*** Block opens ***
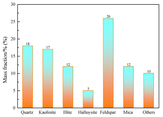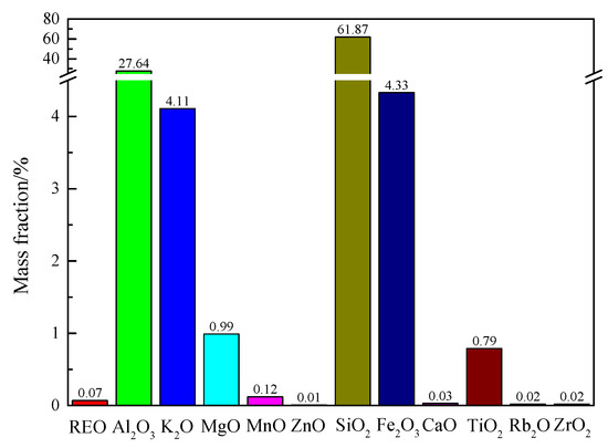 The WREO samples used in the experiment were collected from Jiangxi province, China. The chemical composition of the WREO sample is shown in Figure 1. Analysis of the ore sample shows its composition includes 0.07% REO. Additionally, the ore sample has a high Al2O3 content of 27.64%. Minerals in the WREO sample are shown in Figure 2. Feldspar, quartz, and kaolinite were the dominant minerals in the ore, collectively accounting for over 60% of its composition. Ammonium sulfate, iron(III) chloride hexahydrate, Nessler’s reagent, and potassium sodium tartrate tetrahydrate were purchased from Sinopharm Chemical Reagent Co., Ltd., located in Shanghai, China, and are of analytical grade. Additionally, all solutions were prepared using deionized water.
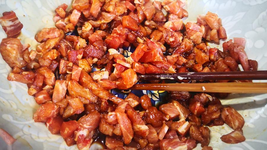 2、準備餡料:準備一些豬肉丁,加入適量的鹽、生抽、料酒、胡椒粉等調料攪拌均勻,醃製一會兒。再切點蔥花、薑末放入肉餡中,增加香味。然後把切碎的車前草和醃製好的肉餡混合在一起,加入適量的香油、雞精等調味,順着一個方向攪拌,讓餡料充分融合。
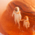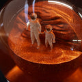古典的なスノーグローブに現代的なひねりを加えた火星モチーフのマーズダストグローブ。とても細かなスノーが舞い、火星の砂嵐を連想させます。片面には親子の宇宙飛行士、もう片面にはマリネリス渓谷とオリンポス山の詳細な地形を含む火星の惑星図が示されています。
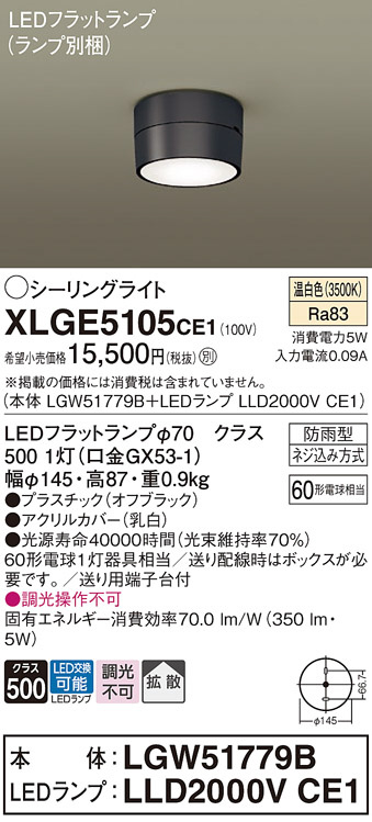 Panasonic ¥¨¥¯¥¹¥Æ¥ê¥¢¥é¥¤¥È XLGE5105CE1
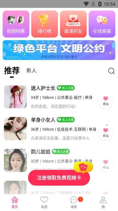 对伴交友是一款专为单身人士设计的交友应用,旨在帮助用户找到与自己心灵契合的另一半。通过智能匹配系统和多种功能,对伴交友软件为用户提供了一个安全、便捷、有趣的交友平台,让你能够轻松结识新朋友、寻找真爱。
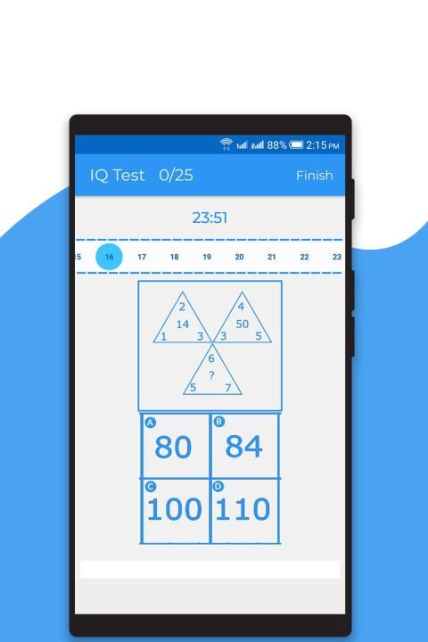 • Answer all the 25 questions wisely in the given time and use the Finish button to submit your IQ test.
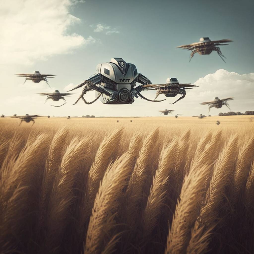 Рисунок 2. Рой роботов исследуют поле пшеницы. Сгенерировано с помощью Midjourney.
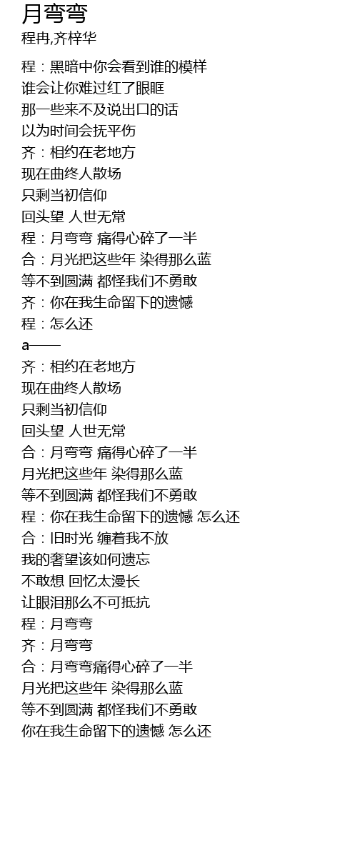 | [01:19.445] | 程:月弯弯 痛得心碎了一半 |
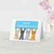 Quatro gatos de desenho animado segurando um grande sinal azul sobre suas cabeças que diz "Pensando em você".
*** Block closes ***
Problem statement
Every line from the one that contains "2、準備餡料:準備一些豬肉丁" through the end of the records above is to be reproduced exactly; no picture goes in the copy.

Response below
 2、準備餡料:準備一些豬肉丁,加入適量的鹽、生抽、料酒、胡椒粉等調料攪拌均勻,醃製一會兒。再切點蔥花、薑末放入肉餡中,增加香味。然後把切碎的車前草和醃製好的肉餡混合在一起,加入適量的香油、雞精等調味,順着一個方向攪拌,讓餡料充分融合。
古典的なスノーグローブに現代的なひねりを加えた火星モチーフのマーズダストグローブ。とても細かなスノーが舞い、火星の砂嵐を連想させます。片面には親子の宇宙飛行士、もう片面にはマリネリス渓谷とオリンポス山の詳細な地形を含む火星の惑星図が示されています。
 Panasonic ¥¨¥¯¥¹¥Æ¥ê¥¢¥é¥¤¥È XLGE5105CE1
 对伴交友是一款专为单身人士设计的交友应用,旨在帮助用户找到与自己心灵契合的另一半。通过智能匹配系统和多种功能,对伴交友软件为用户提供了一个安全、便捷、有趣的交友平台,让你能够轻松结识新朋友、寻找真爱。
 • Answer all the 25 questions wisely in the given time and use the Finish button to submit your IQ test.
 Рисунок 2. Рой роботов исследуют поле пшеницы. Сгенерировано с помощью Midjourney.
 | [01:19.445] | 程:月弯弯 痛得心碎了一半 |
 Quatro gatos de desenho animado segurando um grande sinal azul sobre suas cabeças que diz "Pensando em você".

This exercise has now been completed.